Собеседник на том конце провода вздохнул с облегчением.
– Благодарю, мастер-князь. Тогда я буду держать вас в курсе.
– А как зовут нашего гостя? – осторожно полюбопытствовал я.
– Не сказали, – растерянно ответил глава экологического ведомства. – Возможно, имя и время прибытия будут храниться втайне. Чтобы проверка стала внезапной.
Я едва сдержал вздох разочарования. В столице любили «внезапные» проверки, о который на местах все были в курсе. Но если этот человек полезет в лес к Митричу или еще чего хуже Иволгину…
– Благодарю вас за оперативность, – произнес я. – Держите меня в курсе.
– Будет сделано, Николай Арсентьевич, – отрапортовал Костомаров, и я завершил вызов. Положил телефон на стол, взглянул в окно. На мгновение тишина в гостиной показалась особенно плотной, будто даже огонь в камине приглушил треск, вслушиваясь в разговор.
– Что-то случилось? – осторожно уточнила Вера.
Я обернулся.
– Пока еще ничего, – произнёс я. – Из столицы к нам направили ревизора от фонда. Видимо, заинтересовались нашим северным оленем.
– Ревизора? – нахмурившись, переспросила секретарь. – Неожиданно.
– Именно поэтому меня это и тревожит, – признался я. – Впрочем, если верить Костомарову, всё под контролем. Во всяком случае, пока.
Из кухни донёсся запах свежего хлеба и знакомое ворчание Никифора. Значит, завтрак, скорее всего, был почти готов. Я откинулся в кресле, ощущая, как утро окончательно наполняется привычной деловитостью. Покой прошедшего дня уходил, уступая место работе и новым испытаниям.

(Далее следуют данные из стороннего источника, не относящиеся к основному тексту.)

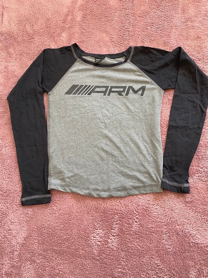 Bu dar kesim tişörtü, uzun siyah kollara ve önünde ARM baskılı gri gövdeye sahiptir. Bisiklet yaka ve cırt cırt detaylı, rahat pamuklu kumaştan yapılmıştır. ♀️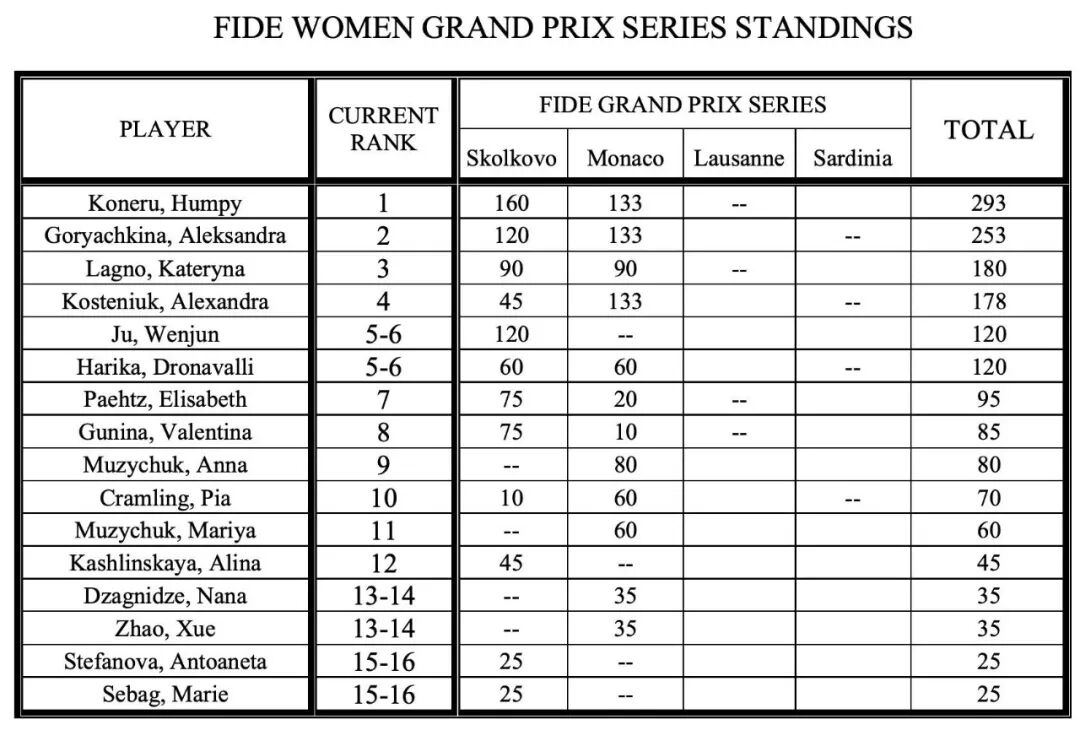 科内鲁以293分高居榜首。戈尔亚奇金娜紧随其后。拉戈诺和科斯坚纽克暂列第三和第四。棋后居文君只参加了一站比赛,获得亚军,暂列第五名。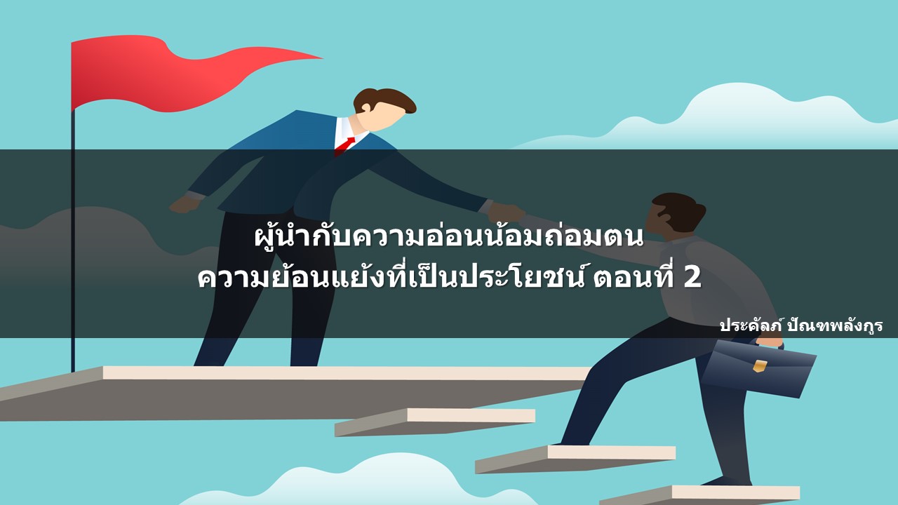 ถามว่า ความอ่อนน้อมถ่อมตน ที่เกิดขึ้นในตัวผู้นำนั้น มันแสดงถึงความอ่อนแอของผู้นำจริงๆ หรือ คำตอบก็คือ ไม่ใช่เลย แต่ ความอ่อนน้อมถ่อมตน กลับกลายเป็นพฤติกรรมที่แสดงความเข้มแข็งทางด้านจิตใจ แสดงให้เห็นถึงความเชื่อมั่น และเชื่อใจพนักงานของตนเอง แสดงให้เห็นว่า เราเป็นผู้นำที่พร้อมที่จะนำพาองค์กรไปสู่อนาคตที่ดีขึ้น โดยการนำพาจิตใจของพนักงานทุกคนให้ไปด้วยกัน

– Проблема в том, что ревизор должен прибыть инкогнито. И если он пойдет в одиночку блуждать по нашим лесам…
Вера не ответила. Но судя по ее побледневшему лицу я догадался, что она смекнула, к чему я клоню.
– Съест его какой-нибудь голодный волк, а нам потом объясняйся перед комиссией, куда пропал важный гость из столицы, – заключил я. – И это при условии, что этот ревизор не играет на стороне «Бастиона».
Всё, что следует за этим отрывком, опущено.